Впрочем, даже если Климиха и не сказала бы этого, она осталась бы тут. Михалина не могла этого объяснить, но по какой-то причине ее тянуло к этому иностранцу. За всю ее жизнь еще никто и никогда не смотрел на нее так, как он.
Девушка тихо краснела и старалась поменьше двигаться. Казалось бы, на что ему тут смотреть, а вот же… Заезжий пан все смотрел и смотрел. Смотрел хитро и с теплой улыбкой. В конце концов, Михалина, услышав в коридоре шаги, встала и, совсем по-детски показав пану Своду язык, выскочила навстречу хозяину замка.
Якуб спешил. Едва начавшийся день и прошедшая ночь не несли в себе ничего хорошего, поэтому молодой пан даже разозлился, увидев перед собой смеющуюся и раскрасневшуюся от смущения девушку.
— Что так панночка веселится спозаранку? — ехидно спросил он. — Смешинку на полу нашла?
Девушка опустила взгляд и поклонилась, а раздосадованный собственным пустым злословием Якуб тяжело вздохнул и прошел мимо нее в комнату. Свод был удивлен, увидев Войну в теплом камзоле, шляпе и забрызганных грязью сапогах.
— Бог мой! — удивленно произнес Ричи, приподнимаясь и осматриваясь вокруг. — Якуб, где вы с утра пораньше умудрились найти столько грязи, и, черт побери, что со мной вчера произошло?
Война молчал. Глядя на пирата, можно было с полной уверенностью сказать, что тот ничего не помнил о прошедшей безумной ночи. Сидя на постели, он сгибал и разгибал затекшие пальцы. Чувствуя боль, он ощупывал отливающие синевой запястья.
Якуба донимали вопросы, и все как один они были адресованы сидящему перед ним Своду, а потому молодой пан не стал больше мучить себя созерцанием этого жалкого зрелища.
— Вы чем-то озабочены, Ричмонд? — прямо спросил он.

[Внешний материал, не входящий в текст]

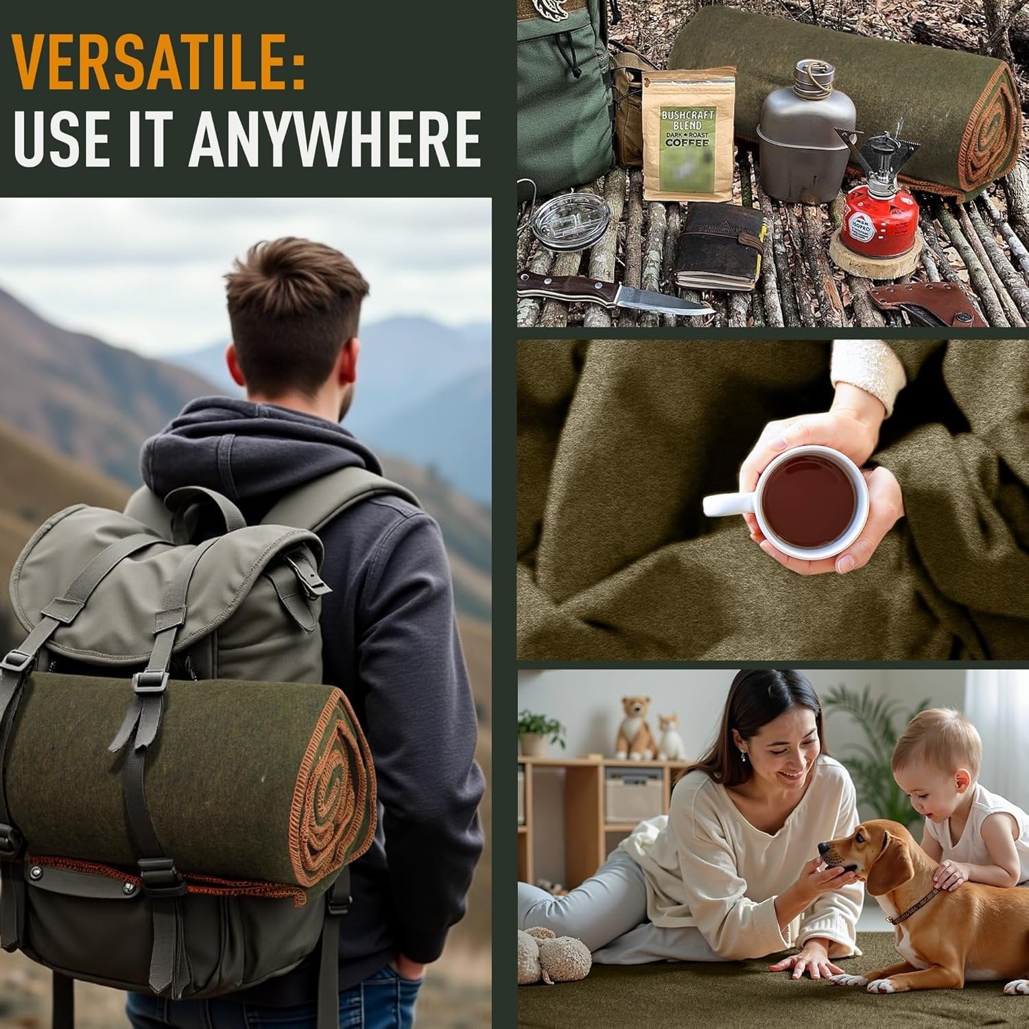 PREMIUM QUALITY THICK 80% WOOL BLANKET: This heavy-duty military blanket is made of 80% wool and 20% man-made fibers – the optimal blend of comfort, quality and durability. A foolproof choice for all-year round use, indoors, outdoors and beyond. EMERGENCY OUTDOOR BLANKET FOR ENDLESS USES: Hit the road with the best tactical throw blanket by your side to stay warm and cozy whenever and wherever needed. Perfect for Camping, Hiking, Hunting Trips, Picnics, Daily Excursions, Military Uses, Overnight Car Stays, Stadium Events & Festivals, Beach Trips, Skip Trips, Traveling and so much more. FIRE-RETARDANT BLANKET FOR YOUR UTMOST SAFETY: This fireproof blanket is thoroughly designed to slow down and even stop the spread or intensity of any fire to offer an extra layer of safety and protection during any emergency. A must-have outdoor essential to use near campfires, BBQs, beach bonfires or any other festive event. HEAVY-DUTY QUALITY | 100% FREE OF CHEMICALS: Loom-woven and hemmed on all sides with contrast lock stitching, the Teco Outdoor blankets are thoroughly made to be wear- and tear-resistant to stay by your side for a lifetime. Never treated with any additional flame-retardant chemicals or any other potentially harmful substance, our wool blend blankets are 100% safe for the whole family to use. PLENTY OF ROOM FOR ALL - Measuring 64" x 88", this large blanket will keep you and a friend cozy while camping,

Взгляд Свода не изменился.
— Не понимаю, — в который раз пожимая плечами, уже вслух удивлялся пират, — не по-ни-маю. Что здесь произошло?
— Вы ничего не помните?
— А что я, собственно, должен помнить? — вяло возмутился Свод. — Помню только, что надрался вчера до упаду и все. Снилось всякое, чертовщина в общем. То какая-то старуха, то этот наушник Эшенбурк…
— Никаляус? — живо поинтересовался Война.
— Да. Представляете, мне кто-то говорил во сне, что ему разбили голову. Нет, правда, — продолжал Ричи, заметив, как Якуб отчего-то побледнел, — во сне я сам видел, как он сидит с разбитой головой в каком-то подвале, а по ночам его мучают страшные Тени. Если, не дай бог, он сегодня припрется, обязательно спрошу, не болит ли у него голова? Моя, признаться, звенит, как колокол…
— Эшенбурк больше не припрется, — разом отрезал глупое и неуместное веселье Свода Война. — Вчера вечером его нашли мертвым в овраге. Крестьяне везли сюда дрова. Мальчонка их спрыгнул с воза, по нужде ему захотелось, стал на край оврага и увидел.
Учителя здесь многие знают… знали, — уточнил Якуб. — Вчера сразу же послали за священником, старостой и паном Лянге, нашим дальним соседом. Эшенбурк как раз только нанялся к нему. К нам никого не посылали, да и зачем? Жыкович, пан Мечислав и святой ойтец Казимеж Кажуцкий на месте все осмотрели и отвезли Эшенбурка в имение Лянге. Там пана учителя отпели, и сегодня утром похоронили.
Вот такие у вас сны, мистер Ричмонд. Сюда староста только с рассветом прислал Франтишека. Все, что я успел, так это попасть к скромной тризне по несчастному человеку. Да и та, — Война тяжко вздохнул, — состоялась только от душевной щедрости пана Лянге, ведь у Эшенбурка никого нет…
— Ничего не понимаю, — снова повторил привычную в сегодняшнее утро фразу Свод. — При чем тут мои сны?
— При чем? Хм! — Якуб подозрительно посмотрел на растерянного пирата. — Бедняга Никаляус погиб от того, что сильно ударился головой о придорожный камень. Его голова просто раскололась пополам. Заметьте, Ричмонд, не на землю, не на траву, а на увесистую каменюку, вокруг которой в пятидесяти шагах нет больше ничего твердого — одни одуванчики. Лянге думает, что пан учитель просто поскользнулся и упал на этот трижды проклятый камень.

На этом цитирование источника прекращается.